- **EXERCISE INSTRUCTIONS**: Exercise in exact copying: restate word for word only the lines below from the one containing "Dieses dreigeschossige Mehrfamilienhaus" through the one containing "We study a two-dimensional", omitting any pictures.

- **DATASET ENTRIES**:
++++++++++++++++++++

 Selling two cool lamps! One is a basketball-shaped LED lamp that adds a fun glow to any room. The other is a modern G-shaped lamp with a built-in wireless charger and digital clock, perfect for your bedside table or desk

++++++++++++++++++++

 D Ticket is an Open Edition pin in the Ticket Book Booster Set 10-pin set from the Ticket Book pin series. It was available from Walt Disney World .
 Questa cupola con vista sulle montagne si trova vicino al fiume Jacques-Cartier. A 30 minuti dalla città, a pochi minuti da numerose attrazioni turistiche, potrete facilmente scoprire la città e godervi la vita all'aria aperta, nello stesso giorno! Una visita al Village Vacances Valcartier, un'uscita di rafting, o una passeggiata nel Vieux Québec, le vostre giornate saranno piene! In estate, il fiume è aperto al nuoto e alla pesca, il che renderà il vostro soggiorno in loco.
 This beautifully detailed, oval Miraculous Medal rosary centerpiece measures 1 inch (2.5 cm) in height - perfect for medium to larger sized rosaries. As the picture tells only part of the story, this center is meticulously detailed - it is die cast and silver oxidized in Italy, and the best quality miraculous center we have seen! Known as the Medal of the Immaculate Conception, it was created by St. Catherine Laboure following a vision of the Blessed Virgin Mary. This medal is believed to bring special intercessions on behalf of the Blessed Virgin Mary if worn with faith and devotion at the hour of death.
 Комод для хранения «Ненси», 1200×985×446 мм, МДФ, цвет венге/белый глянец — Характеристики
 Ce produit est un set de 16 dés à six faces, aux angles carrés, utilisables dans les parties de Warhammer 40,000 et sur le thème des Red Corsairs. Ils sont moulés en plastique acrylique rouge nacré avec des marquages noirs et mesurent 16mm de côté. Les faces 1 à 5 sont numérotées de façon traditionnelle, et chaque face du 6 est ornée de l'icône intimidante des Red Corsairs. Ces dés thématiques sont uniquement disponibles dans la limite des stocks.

++++++++++++++++++++

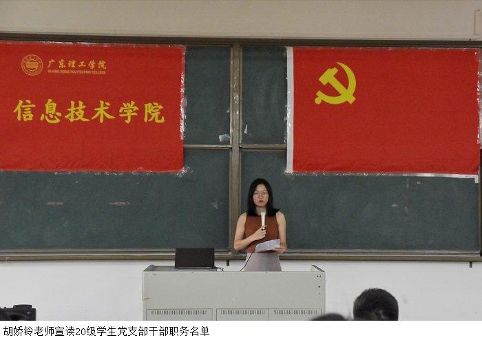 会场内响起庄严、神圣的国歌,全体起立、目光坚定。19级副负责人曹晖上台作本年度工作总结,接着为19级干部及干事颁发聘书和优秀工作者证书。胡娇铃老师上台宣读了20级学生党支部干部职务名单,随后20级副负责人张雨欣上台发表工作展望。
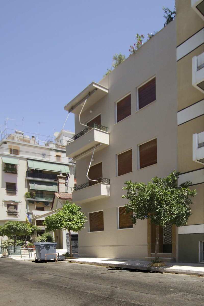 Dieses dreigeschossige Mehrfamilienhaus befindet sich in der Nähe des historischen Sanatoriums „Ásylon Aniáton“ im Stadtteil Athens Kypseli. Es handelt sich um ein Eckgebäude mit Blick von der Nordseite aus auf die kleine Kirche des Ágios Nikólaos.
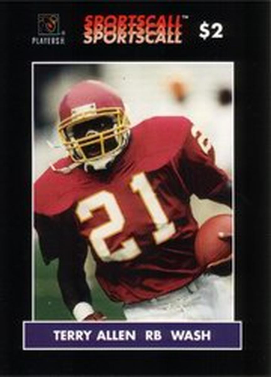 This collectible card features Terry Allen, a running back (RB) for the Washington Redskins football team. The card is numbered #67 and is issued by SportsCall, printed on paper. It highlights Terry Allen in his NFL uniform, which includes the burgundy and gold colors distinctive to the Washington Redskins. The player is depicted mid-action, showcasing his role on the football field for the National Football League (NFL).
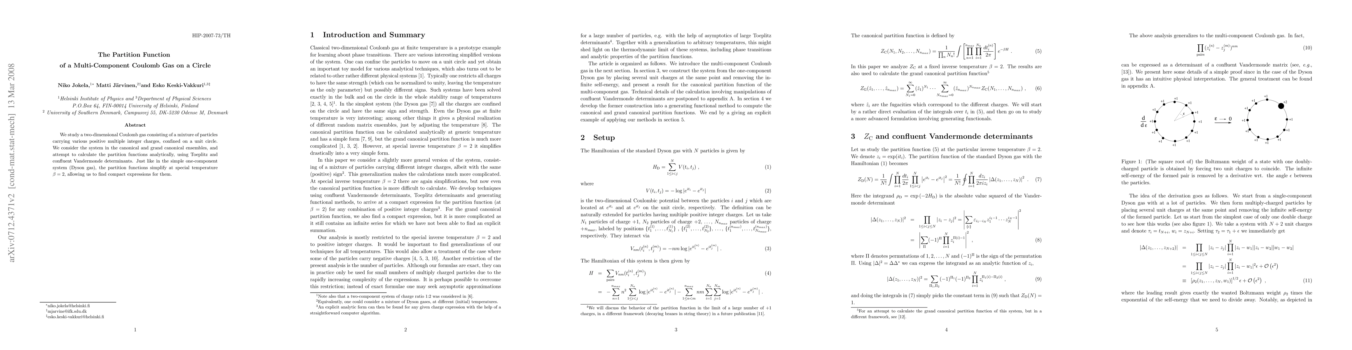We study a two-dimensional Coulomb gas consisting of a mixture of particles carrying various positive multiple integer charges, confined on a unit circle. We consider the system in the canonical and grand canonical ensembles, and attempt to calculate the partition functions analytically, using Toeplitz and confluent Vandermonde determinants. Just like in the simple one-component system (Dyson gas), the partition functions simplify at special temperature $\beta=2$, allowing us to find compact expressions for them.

++++++++++++++++++++

- **FINAL ANSWER**:
 Dieses dreigeschossige Mehrfamilienhaus befindet sich in der Nähe des historischen Sanatoriums „Ásylon Aniáton“ im Stadtteil Athens Kypseli. Es handelt sich um ein Eckgebäude mit Blick von der Nordseite aus auf die kleine Kirche des Ágios Nikólaos.
 This collectible card features Terry Allen, a running back (RB) for the Washington Redskins football team. The card is numbered #67 and is issued by SportsCall, printed on paper. It highlights Terry Allen in his NFL uniform, which includes the burgundy and gold colors distinctive to the Washington Redskins. The player is depicted mid-action, showcasing his role on the football field for the National Football League (NFL).
We study a two-dimensional Coulomb gas consisting of a mixture of particles carrying various positive multiple integer charges, confined on a unit circle. We consider the system in the canonical and grand canonical ensembles, and attempt to calculate the partition functions analytically, using Toeplitz and confluent Vandermonde determinants. Just like in the simple one-component system (Dyson gas), the partition functions simplify at special temperature $\beta=2$, allowing us to find compact expressions for them.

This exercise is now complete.